_Provided material_
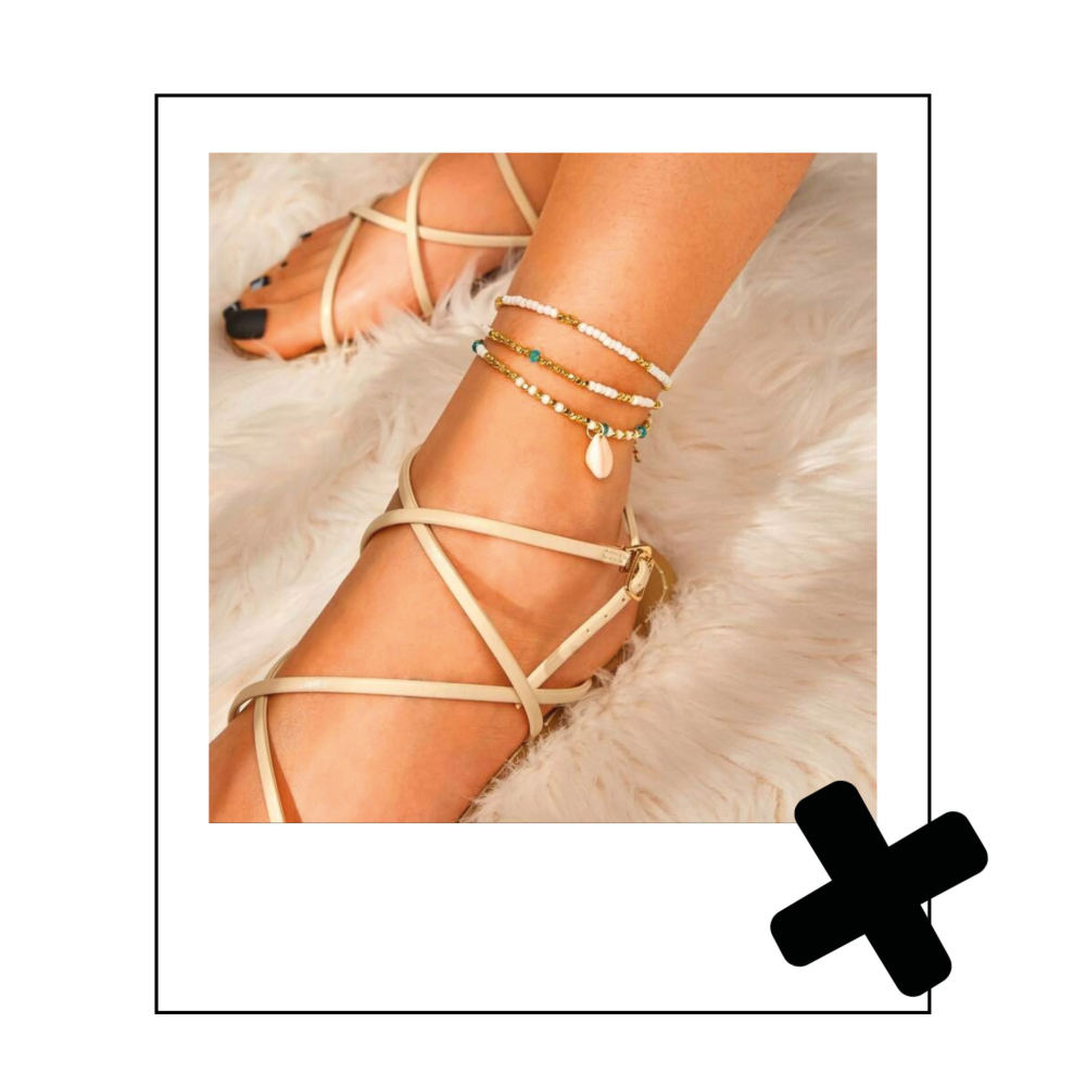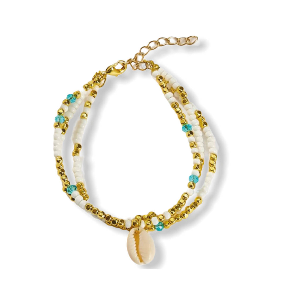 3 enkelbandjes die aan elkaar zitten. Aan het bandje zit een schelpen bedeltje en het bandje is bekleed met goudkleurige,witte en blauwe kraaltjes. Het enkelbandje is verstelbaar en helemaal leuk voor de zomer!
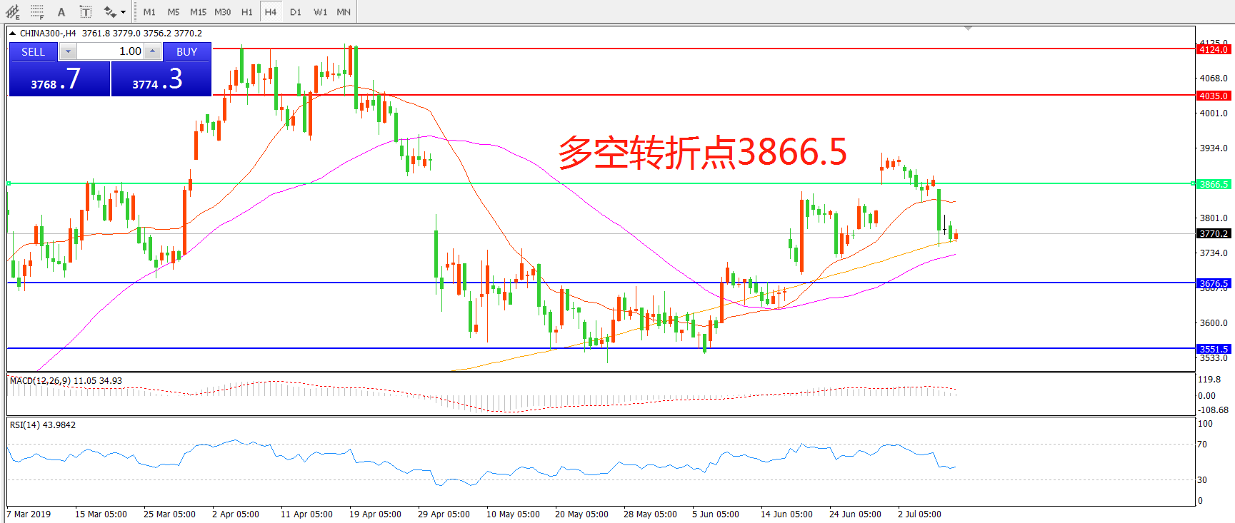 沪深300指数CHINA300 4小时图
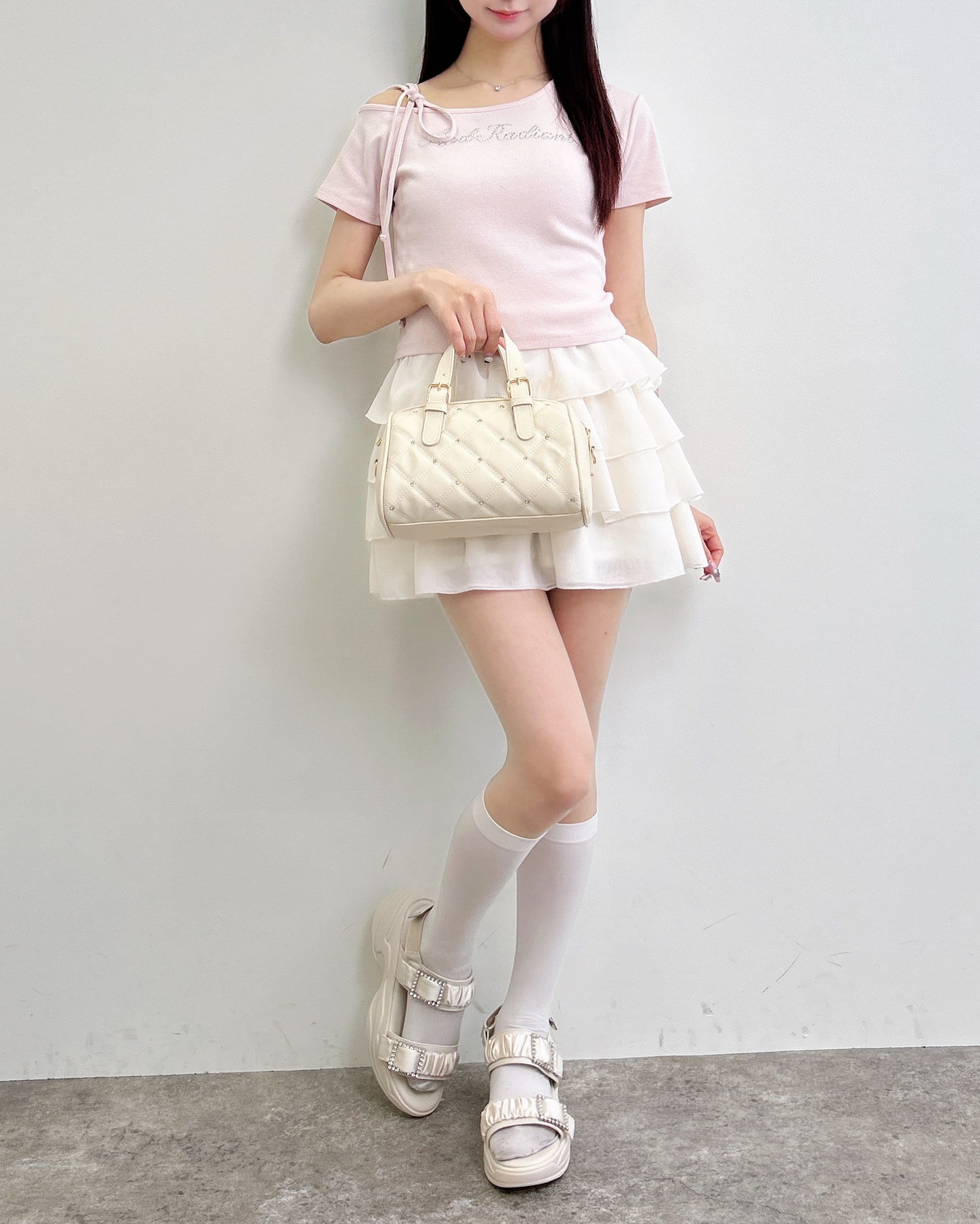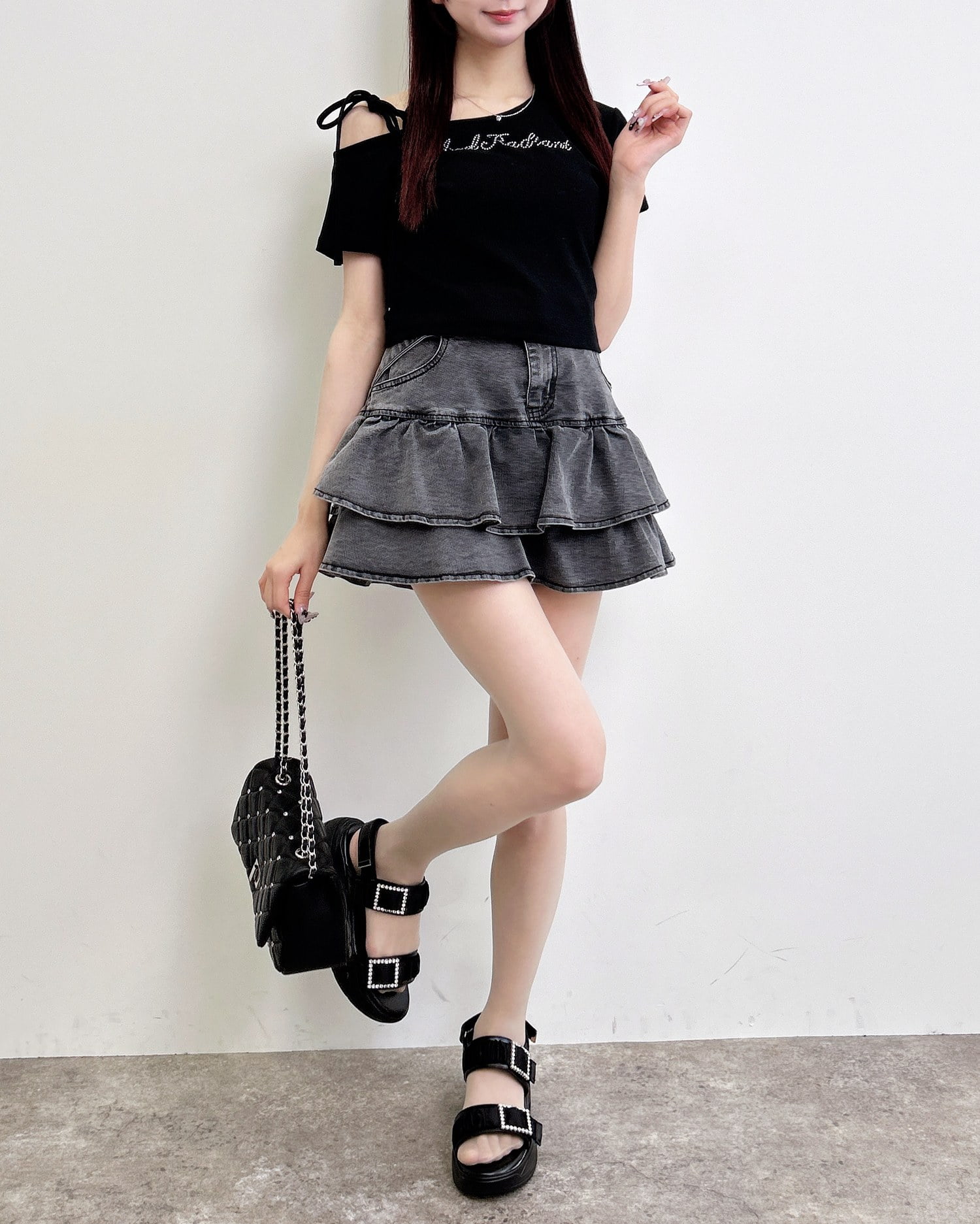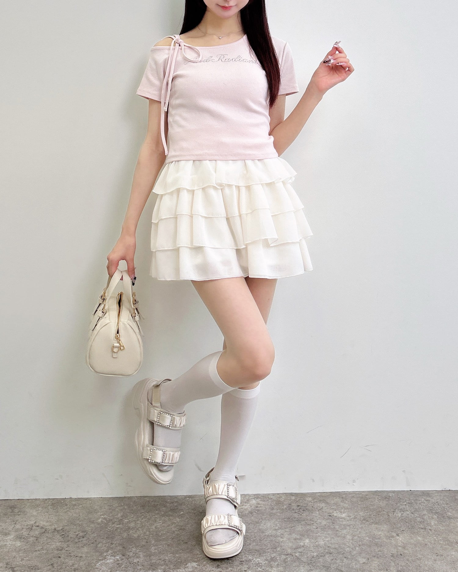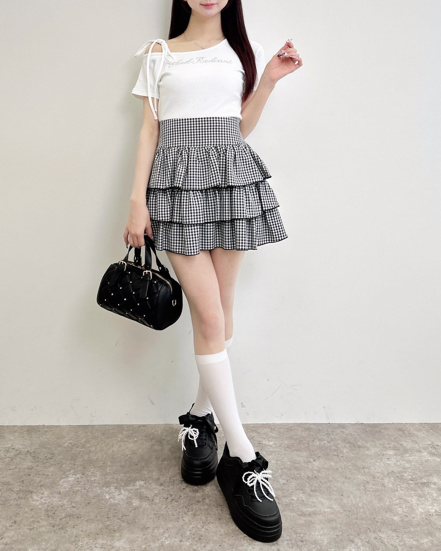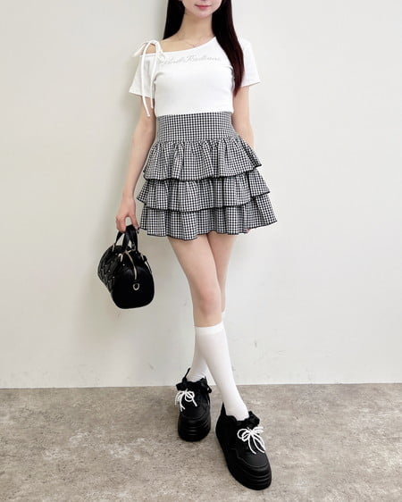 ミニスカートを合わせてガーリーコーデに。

_Task_
Write out the data in full and exactly as given, though without the images.

_Solution to the problem_
 3 enkelbandjes die aan elkaar zitten. Aan het bandje zit een schelpen bedeltje en het bandje is bekleed met goudkleurige,witte en blauwe kraaltjes. Het enkelbandje is verstelbaar en helemaal leuk voor de zomer!
 沪深300指数CHINA300 4小时图
 ミニスカートを合わせてガーリーコーデに。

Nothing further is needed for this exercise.